HAYALİ BEY
Şiirlerindeki ustalığından ve yeteneklerinden dolayı “Meliküş Şuara, Hayal-i Meşhur” gibi ünvanlarla anılmıştır. Aşk ve tasavvufla beslenen lirizmi ileride Baki’yi hazırlayacak, İstanbul Türkçesini şiir dili haline getirecektir. Sadece Divan’ı vardır.

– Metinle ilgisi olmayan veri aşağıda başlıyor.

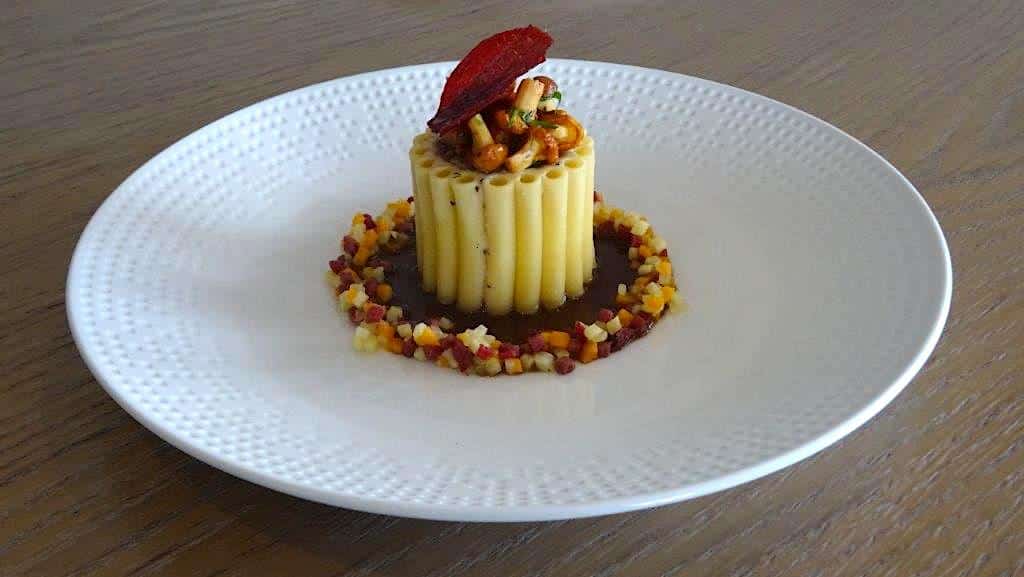 De cette façon, la farce fine sur les macaronis, le confit d’agneau et les macaronis resteront moelleux. Avant l’envoi, placer sur chacune des Chartreuse les petites girolles.
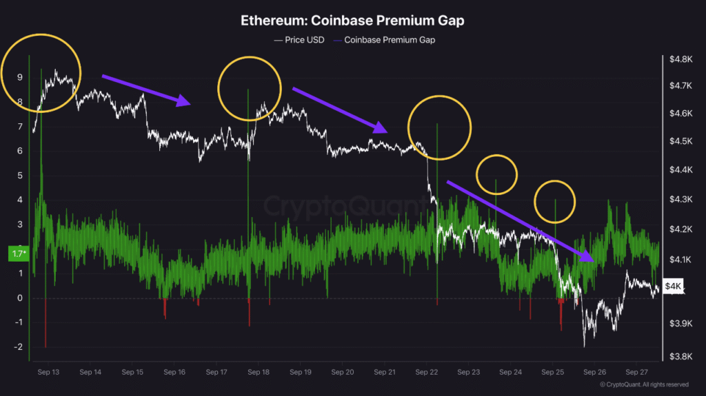 Ethereum’s Coinbase Premium, which compares the price between Coinbase and Binance, recently shifted into positive territory. A positive reading often suggests stronger buying pressure on Coinbase. Despite this, Ethereum’s price continued to slip, showing that Binance selling outweighed Coinbase demand.

Vardar Yenicesi’nde doğdu. Asıl adı Mehmed. Düzenli bir eğitim görmedi. Gençliğinde rint ve başıboş bir hayat yaşamış, kalenderi dervişleri ile dolaşmıştır. İstanbul’a gelince, şiirleri İle Defterdar İskender Çelebi, Sadrazam İbrahim Paşa ve Kanûnî’nin dikkatini çekmiş, rahat bir hayata kavuşmuştur. Hâmîlerinin ölmesi üzerine Ka-nûnî’den bir Rumeli sancakbeyliği alıp istanbul’dan uzaklaşır. Edirne’de ölmüştür.
Hayalî rint meşrebi, ince hayâlleri, yerli renkleri, samimî ifâdesi ile XVII’ınci asrın orijinal bir şâiridir. Şiir sanatlarından çok ifade güzelliğine, tabiîliğe değer verir. Tasavvufun terimlerini sık sık kullanırsa da mutasavvıf bir şâir sayılmaz. Necatî ile Bakî arasında yetişmiş en büyük dîvan şâiridir. Şiirindeki tasavvuf neşvesi, samimilik, rintlik, incelik, dünyâya ve onun nimetlerine değer vermeyiş gibi özelliklerine bakılarak İranlı Şâir Hâfız’a benzetilmiştir.
Dîvan’ı Ali Nihat Tarlan tarafından bastırıldı (1945). [Cemal Kurnaz, Hayalî Bey Dîyant’nın Tahlili konulu bir doktora tezi hazırladı (Hacettepe Üniversitesi, Sosyal ve idâri Bilimler Fak. 1983) basılmadı.]